From the total of 20 observations in three years, two QTL were found using SIM. A QTL was located on the centromeric region of chromosome 2 close to the marker ABC167B, and the another QTL was located on the long arm of chromosome 5 close to the marker cMWG733 (Fig. 1). Both SIM and sCIM detected QTL x E interaction within the same marker interval of the QTL main effect on chromosome 2. However, no QTL x E interaction was detected for the QTL on chromosome 5. When we analyzed the phenotypic data sets separately for each year, QTL on chromosome 5 was only detected in 1994, and QTL on chromosome 2 was only detected in 1995. However, no QTL was detected in 1996. The significance of QTL on chromosome 2 was strongly expressed on April 17, 1995. It was accounted for 28% phenotypic variance, and was contributed by Morex. No QTL was detected in any observations scanned individually in 1994. It is lead to a conclusion that QTL on chromosome 5 may be of less importance.

Since the aphid populations at the maximum density was mainly predominated by R. maidis (more than 80%) in 1994 and 1995, the QTL on chromosome 2 and chromosome 5 may be contributed to the density of R. maidis. Nieto-Lopez and Blake (1994) identified the resistance genes for Russian wheat aphid (RWA) on chromosome 2 and 5. The symptom caused by the aphid species was severe and mainly scored by the degree of chlorosis on barley leaves, and different from the phenotype in the present study which was scored by the number of aphid per stem. As it may be difficult to do allelism test between the factors found in this study and the results found by Nieto-Lopez and Blake (1994), inoculation of RWA on Steptoe/Morex DH population may be effective to reveal the resistance spectrum of QTL on chromosome 2 found in this study.

References:

Kleinhofs, A., A. Kilian, M. A. Saghai Maroof, R. M. Biyashev, P. Hayes, F.Q. Chen, N. Lapitan, A. Fenwick, T. K. Blake, V. Kanazin, E. Ananiev, L. Dahleen, D. Kudrna, J. Bollinger, S. J. Knapp, B. Liu, M. Sorrells, M. Heun, J. D. Franckowiak, D. Hoffman, R. Skadsen and B. J. Steffenson (1993) A molecular, isozyme and morphological map of the barley (Hordeum vulgare) genome. Theor. Appl. Genet. 86: 705-712.

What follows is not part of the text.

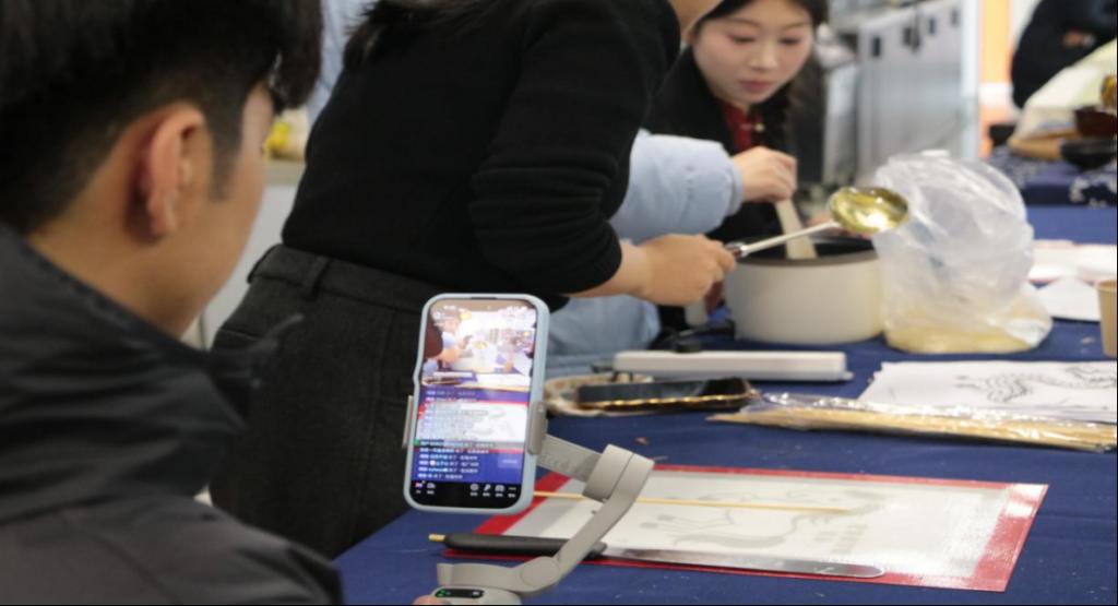 糖画制作区堪称全场“人气焦点”,学子将传统糖画技艺与现代旅游体验结合,现场熬糖、绘图案。龙、凤、兔子及温州地标建筑造型的糖画,冷却后裹上竹签递予参观者,甜香与欢呼声交织,不少同学排队定制专属糖画,尽显传统技艺与旅游体验结合的独特魅力。

Mather, D. E. (1995) Base maps of NABGMP crosses. [on line] Available: World wide web: http://gnome.agrenv.mcgill.ca/info/basemaps.htm

Moharramipour, S., H. Tsumuki, K. Sato and H. Yoshida (1997) Mapping resistance to cereal aphids in barley. Theor. Appl. Genet. (in press)

Nieto-Lopez, R. M. and T. K. Blake (1994) Russian wheat aphid resistance in barley: inheritance and linked molecular markers. Crop Sci. 34: 655-659.

Tinker, N. A. and D. E. Mather (1995) Methods for QTL analysis with progeny replicated in multiple environments. JQTL 1: (1).